## Data provided

/---

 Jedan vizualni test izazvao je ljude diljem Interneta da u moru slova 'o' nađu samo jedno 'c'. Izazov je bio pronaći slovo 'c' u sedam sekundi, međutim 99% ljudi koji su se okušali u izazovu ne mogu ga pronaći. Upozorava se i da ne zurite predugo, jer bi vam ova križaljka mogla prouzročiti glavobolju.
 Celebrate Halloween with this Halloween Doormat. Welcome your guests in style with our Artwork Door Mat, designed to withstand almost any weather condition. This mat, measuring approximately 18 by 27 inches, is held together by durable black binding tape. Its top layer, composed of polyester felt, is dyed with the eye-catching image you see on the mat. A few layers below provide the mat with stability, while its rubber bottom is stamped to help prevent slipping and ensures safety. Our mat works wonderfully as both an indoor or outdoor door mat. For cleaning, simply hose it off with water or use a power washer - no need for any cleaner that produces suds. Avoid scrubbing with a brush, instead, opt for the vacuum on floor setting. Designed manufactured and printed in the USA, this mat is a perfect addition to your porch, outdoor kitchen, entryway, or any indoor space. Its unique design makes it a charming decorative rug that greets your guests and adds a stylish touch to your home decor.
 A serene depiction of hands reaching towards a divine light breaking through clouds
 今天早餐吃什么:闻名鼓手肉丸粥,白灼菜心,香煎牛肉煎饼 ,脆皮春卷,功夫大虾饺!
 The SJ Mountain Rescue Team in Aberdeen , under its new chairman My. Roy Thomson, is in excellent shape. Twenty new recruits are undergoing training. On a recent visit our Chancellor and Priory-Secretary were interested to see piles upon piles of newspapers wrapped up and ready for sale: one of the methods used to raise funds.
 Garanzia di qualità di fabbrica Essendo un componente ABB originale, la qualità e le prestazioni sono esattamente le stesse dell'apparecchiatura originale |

\---
/---

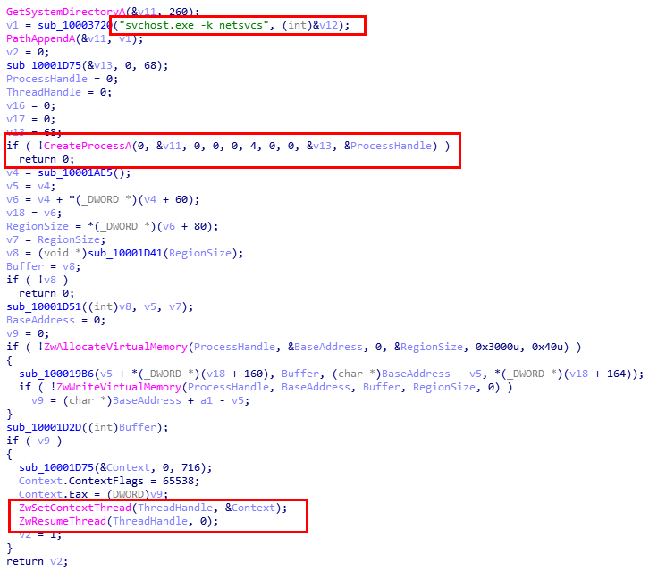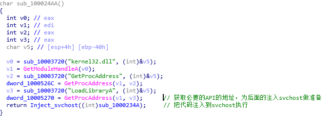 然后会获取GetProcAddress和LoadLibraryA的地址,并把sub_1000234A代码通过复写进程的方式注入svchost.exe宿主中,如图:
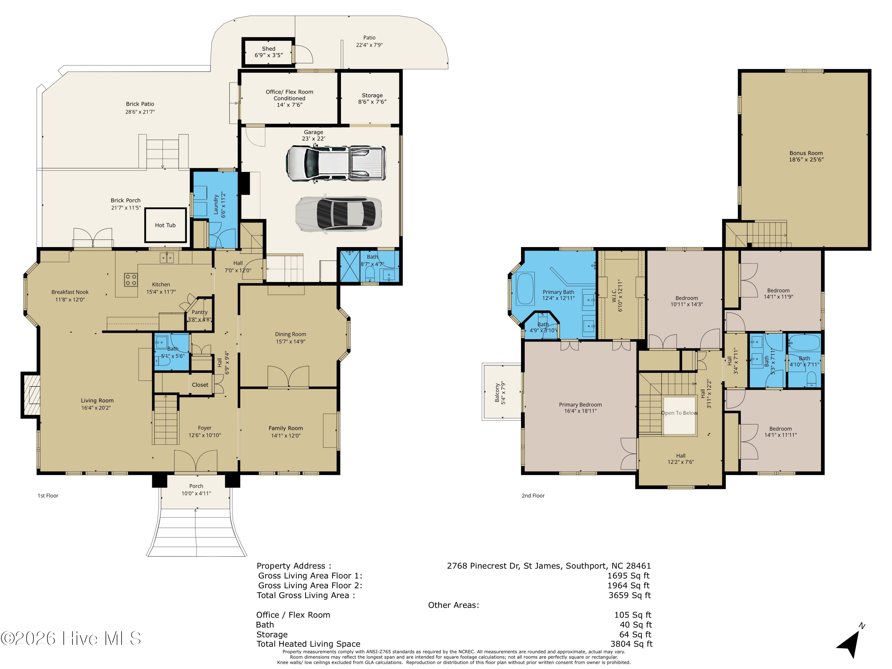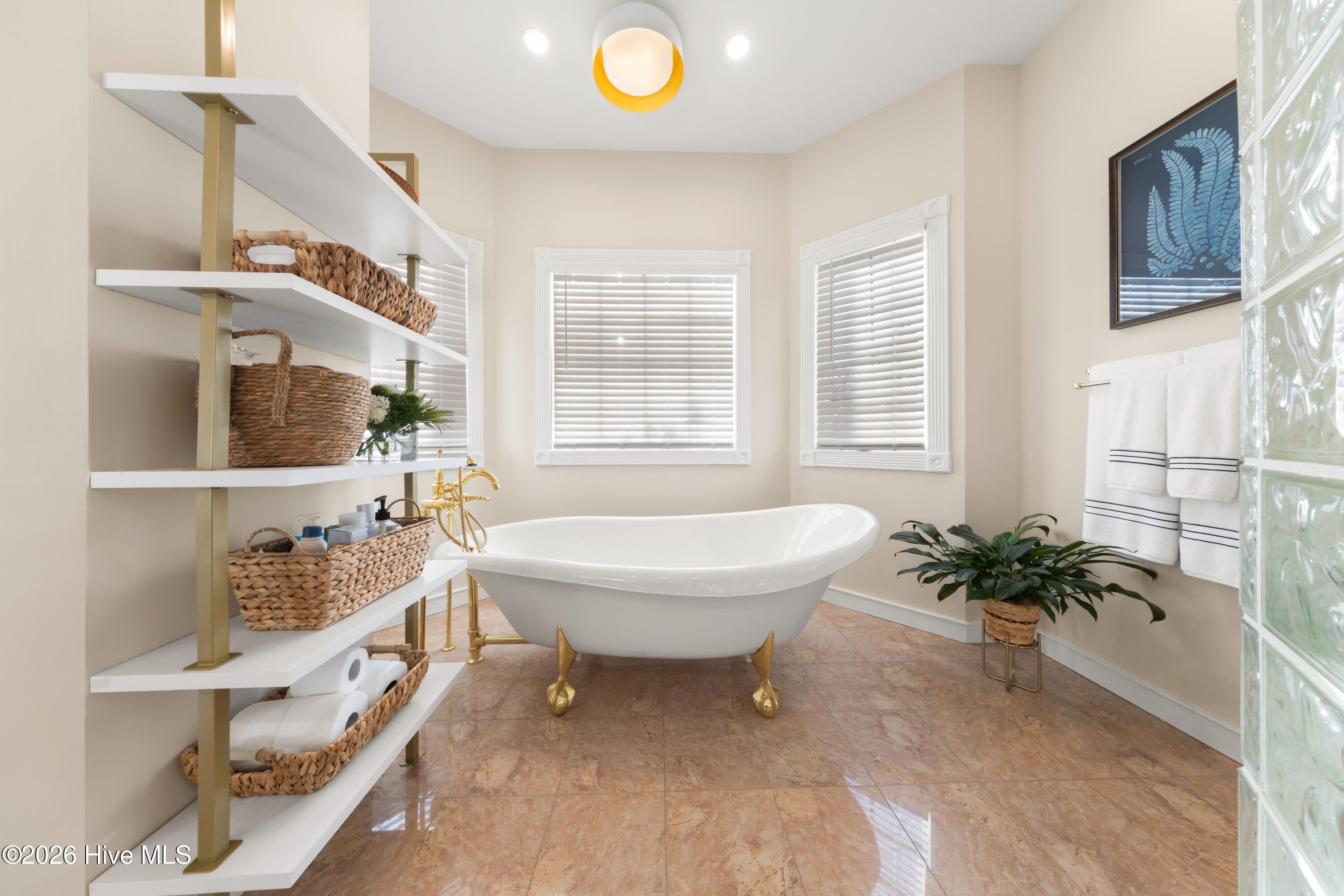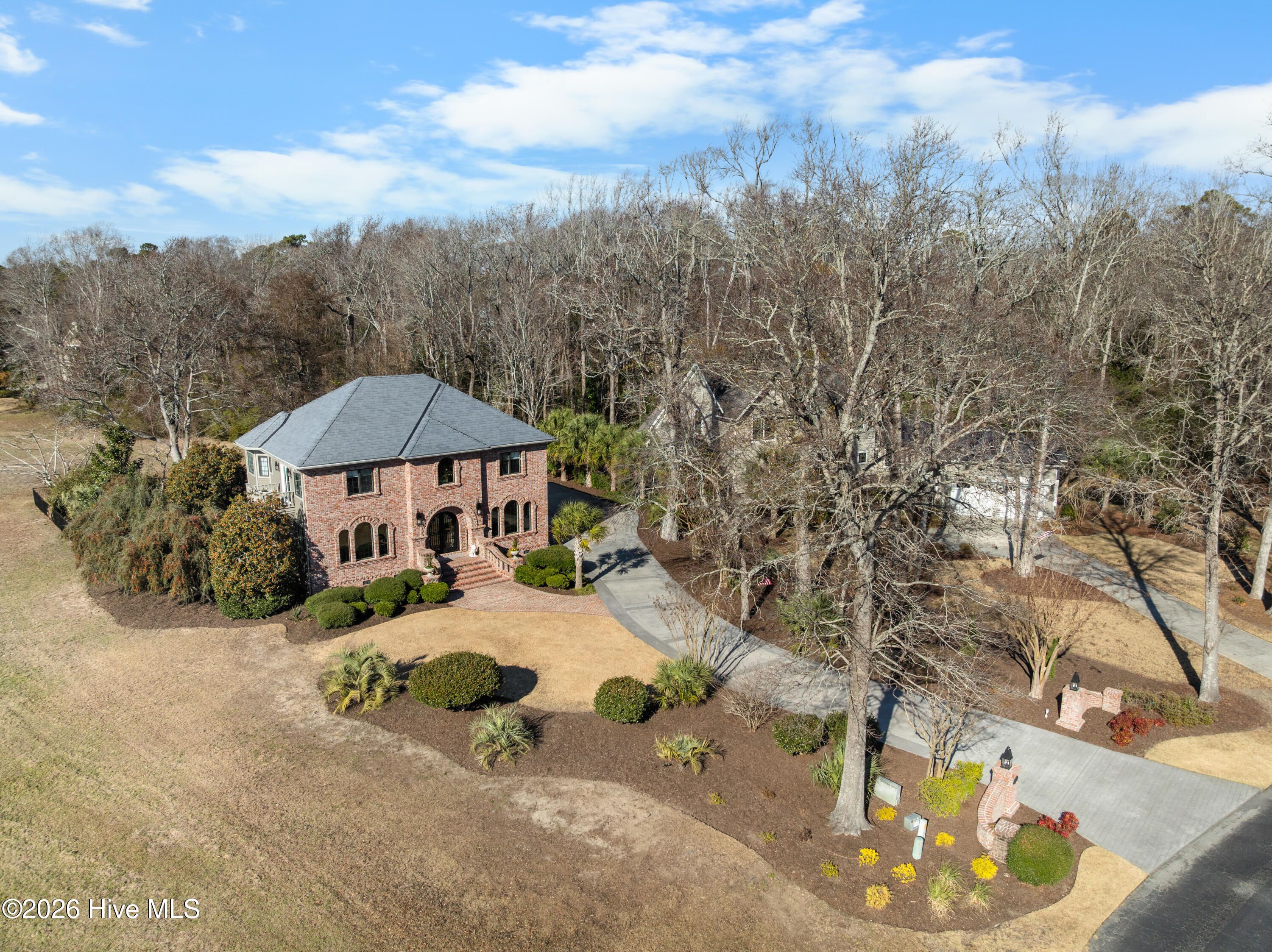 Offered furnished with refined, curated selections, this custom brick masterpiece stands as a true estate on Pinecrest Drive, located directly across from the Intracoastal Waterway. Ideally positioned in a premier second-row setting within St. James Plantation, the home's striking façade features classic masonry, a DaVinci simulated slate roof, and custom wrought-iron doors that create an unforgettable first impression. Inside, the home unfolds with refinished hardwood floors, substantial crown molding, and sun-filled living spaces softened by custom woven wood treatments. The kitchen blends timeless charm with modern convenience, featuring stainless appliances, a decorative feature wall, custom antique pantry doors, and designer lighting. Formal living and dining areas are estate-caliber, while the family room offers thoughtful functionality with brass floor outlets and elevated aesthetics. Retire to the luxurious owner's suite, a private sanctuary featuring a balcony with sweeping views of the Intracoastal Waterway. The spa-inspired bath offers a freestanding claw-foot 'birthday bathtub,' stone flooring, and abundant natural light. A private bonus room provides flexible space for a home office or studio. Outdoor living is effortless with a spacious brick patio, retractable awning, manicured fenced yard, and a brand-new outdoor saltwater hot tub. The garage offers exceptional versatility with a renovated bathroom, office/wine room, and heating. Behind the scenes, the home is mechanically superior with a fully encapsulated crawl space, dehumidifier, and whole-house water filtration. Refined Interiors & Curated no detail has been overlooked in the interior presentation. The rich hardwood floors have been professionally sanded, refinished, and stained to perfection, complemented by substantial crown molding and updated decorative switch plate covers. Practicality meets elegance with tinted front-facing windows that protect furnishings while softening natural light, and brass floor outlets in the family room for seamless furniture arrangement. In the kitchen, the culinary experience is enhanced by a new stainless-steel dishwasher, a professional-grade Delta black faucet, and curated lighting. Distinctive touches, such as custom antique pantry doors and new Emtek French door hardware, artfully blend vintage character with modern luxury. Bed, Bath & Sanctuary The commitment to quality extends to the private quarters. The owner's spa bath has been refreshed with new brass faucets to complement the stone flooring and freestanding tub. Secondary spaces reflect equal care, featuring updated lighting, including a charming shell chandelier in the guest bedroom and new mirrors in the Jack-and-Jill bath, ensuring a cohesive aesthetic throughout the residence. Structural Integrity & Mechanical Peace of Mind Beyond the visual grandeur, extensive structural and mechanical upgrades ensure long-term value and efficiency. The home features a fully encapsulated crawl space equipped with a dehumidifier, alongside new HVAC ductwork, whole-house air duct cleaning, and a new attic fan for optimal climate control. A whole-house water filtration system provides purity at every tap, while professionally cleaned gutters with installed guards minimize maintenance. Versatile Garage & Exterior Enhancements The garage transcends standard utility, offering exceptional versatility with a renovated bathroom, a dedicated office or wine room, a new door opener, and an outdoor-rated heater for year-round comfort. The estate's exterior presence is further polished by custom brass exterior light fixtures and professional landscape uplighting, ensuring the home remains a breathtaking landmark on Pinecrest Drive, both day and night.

\---

## What is being asked
Look above for the line with "Jedan vizualni test" and the line with "今天早餐吃什么:闻名鼓手肉丸"; transcribe both and all lines in between, exactly, and nothing else.

## Written solution
 Jedan vizualni test izazvao je ljude diljem Interneta da u moru slova 'o' nađu samo jedno 'c'. Izazov je bio pronaći slovo 'c' u sedam sekundi, međutim 99% ljudi koji su se okušali u izazovu ne mogu ga pronaći. Upozorava se i da ne zurite predugo, jer bi vam ova križaljka mogla prouzročiti glavobolju.
 Celebrate Halloween with this Halloween Doormat. Welcome your guests in style with our Artwork Door Mat, designed to withstand almost any weather condition. This mat, measuring approximately 18 by 27 inches, is held together by durable black binding tape. Its top layer, composed of polyester felt, is dyed with the eye-catching image you see on the mat. A few layers below provide the mat with stability, while its rubber bottom is stamped to help prevent slipping and ensures safety. Our mat works wonderfully as both an indoor or outdoor door mat. For cleaning, simply hose it off with water or use a power washer - no need for any cleaner that produces suds. Avoid scrubbing with a brush, instead, opt for the vacuum on floor setting. Designed manufactured and printed in the USA, this mat is a perfect addition to your porch, outdoor kitchen, entryway, or any indoor space. Its unique design makes it a charming decorative rug that greets your guests and adds a stylish touch to your home decor.
 A serene depiction of hands reaching towards a divine light breaking through clouds
 今天早餐吃什么:闻名鼓手肉丸粥,白灼菜心,香煎牛肉煎饼 ,脆皮春卷,功夫大虾饺!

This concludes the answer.